I built about 8 pedals from kits before I decided I wanted d to continue the hobby. So I bought a dozen PCBs from our Great Leader and have been sourcing components for the last couple of months.

I made a tabbed spreadsheet of all the parts needed and then started looking for parts.

I live in Poland so I've been buying locally to save on shipping.

I bought a 2600-pack of resistors and then multiples of the common values like 4.7k.

Building your first stash is exhausting and expensive upfront.
You need a ton of different parts and values and a bunch of accessories like pin headers, sockets, wires, tools etc.
Electromechanical parts are not cheap. Dozens of pots, jacks, switches etc.
Then all the weird parts that are constantly out everywhere.
Finally you will get reamed with shipping because you'll have to order from several vendors.

The thing is once you've unlocked the superpower of building effects there will be no stopping you.
And if your musician friends hear your DIY phaser on bass during While My Guitar Gently Weeps, they will ask you to build them one


----------



## Steve973 (Feb 21, 2022)

I would like to thank all of you who took the time out of your day to offer these extremely helpful replies, even though I might have been able to search these forums better than I did.  So... Thank you!  It is a great idea to try to plan these pedals in batches and buy in bulk, all at once, and from as few vendors as possible.  I will try to do that.  I am a bass player, and I have only been playing for slightly over 2 years.  I don't yet jam with a band, and I mostly play through Rocksmith, as well as learning from a member of one of the prominent bass families.  So it may be hard for me to pick multiples that I can imagine myself using anytime in the near future.  But I will try!  Thanks again to everyone.


----------



## TravisM (Feb 21, 2022)

Some other tips if you are impatient and don't have the exact component you need. Resistance adds in series, so you can put two resistors together to make a larger value.
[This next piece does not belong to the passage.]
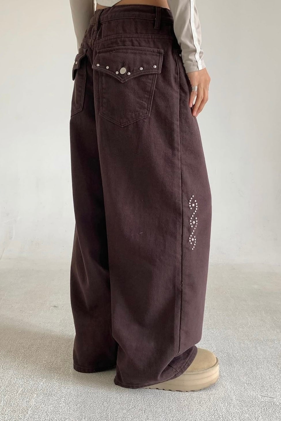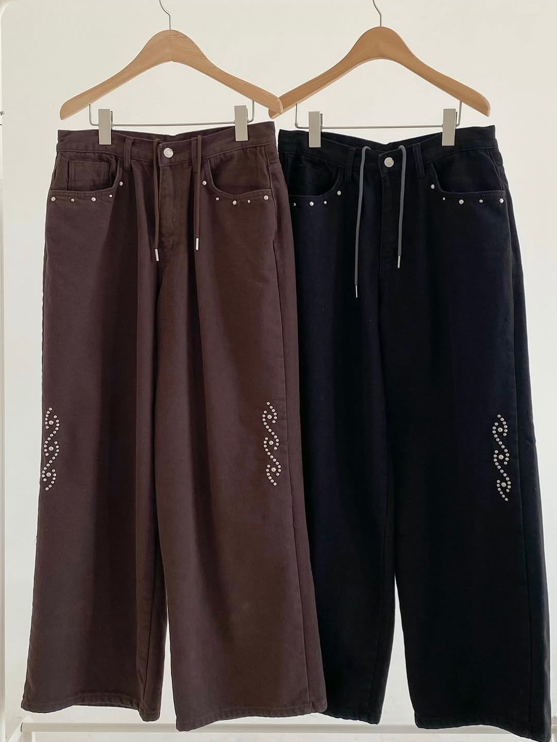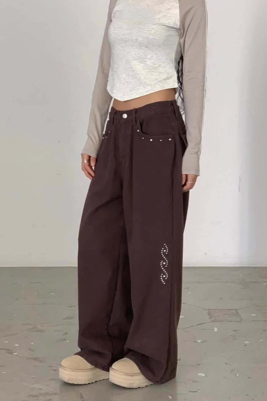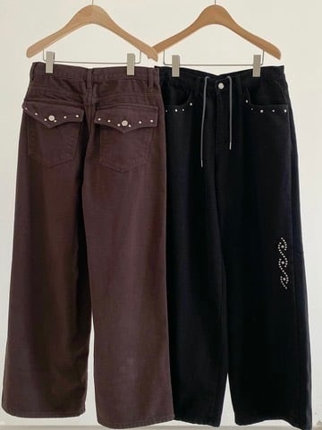 裏起毛のコットツイル素材を使用したスタッズパンツ

Resistance drops in parallel but with the following (R1+R2)/(R1*R2). Capacitance adds in parallel and drops in series. You can either measure and do the math or just stick 'em together and measure the total if you are lazy. You can also solder a resistor across the outer legs of a pot to change the total resistance, but it will, in my experience affect the taper a bit. Use the tantalum from tayda in place of the electrolytics if you like. They tend to last longer. The ceramic capacitors can very pretty wildly in spec, so measure them but know they usually are in the power filtering section of the circuit and will be okay anyay.


----------



## Feral Feline (Feb 21, 2022)

Steve973 said:


> I am a bass player,


I’ll suggest looking into the following, see if anything grabs your interest…


Unicab

Leprechaun
Unison Double-Tracker

Delegate (Boneyard Ed)
*Creamery*
Thumbsucker

EQ 6-band (adjusted for bass)
EQ Box and All
*CDXL* (2 to choose from)
*Duck Box
Waddle Box*
Pro Filter
XC Phase
Zapper

*Byzantium flanger*
Caesar chorus
Duo-phase
Moonshot trem
*Woodpecker trem*

PS: Wasn’t done yet…

Aloysius fuzz
*Arkaim fuzz*
Awful Waffle fuzz/dist
Bayonette fuzzmuff
Calamity Fuzz
Captain Bit
Carcass Fuzz
*Chop Shop OD*
Cream Pie fuzz
Death Cap fuzz
*Ember Boost*
Fat Piggy dist
Fuzz Aldrin
*Gerkin Fuzz*
Mantle fuzz
Muffin fuzz
Muroidea dist
*Obsidius preamp*
Parenthesis
Snuffy fuzz
SOFTii OD
Teddy Rupture fuzz
*Transcendence Boost*
Two Sticks of Derm fuzz
Uberfuzz

*Ocelot Octave*
Organ Donor

Tear Jerker

Of course the above is a fraction of bass-sick possibilities; of the above, I’ve bolded ones I really want to build — though I will eventually get around to them all.
I could add a lot more and wanted to bold more of the above, but I’ve gotta hold back somewhere somehow…
😹


----------



## Chuck D. Bones (Feb 21, 2022)

TravisM said:


> Some other tips if you are impatient and don't have the exact component you need. Resistance adds in series, so you can put two resistors together to make a larger value. Resistance drops in parallel but with the following (R1+R2)/(R1*R2). Capacitance adds in parallel and drops in series. You can either measure and do the math or just stick 'em together and measure the total if you are lazy. You can also solder a resistor across the outer legs of a pot to change the total resistance, but it will, in my experience affect the taper a bit. Use the tantalum from tayda in place of the electrolytics if you like. They tend to last longer. The ceramic capacitors can very pretty wildly in spec, so measure them but know they usually are in the power filtering section of the circuit and will be okay anyay.


Or consider the fact that hitting any of the component values within ±20% will work in 99% of the situations.  Paralleling pots may or may not work, depends on the circuit.  Reducing a pot value 50% by paralleling has a chance of working.  Reducing a pot value by 90% has almost zero chance of producing the desired effect.


----------



## Diynot (Feb 21, 2022)

Don’t forget the Obsidius and the “arriving soon” Aloysius and Snuffy fuzzes for bass dirt. I also like the Chaos Machine and Pitch Witch on bass and def grab an Ocelot (oc-2) board.


----------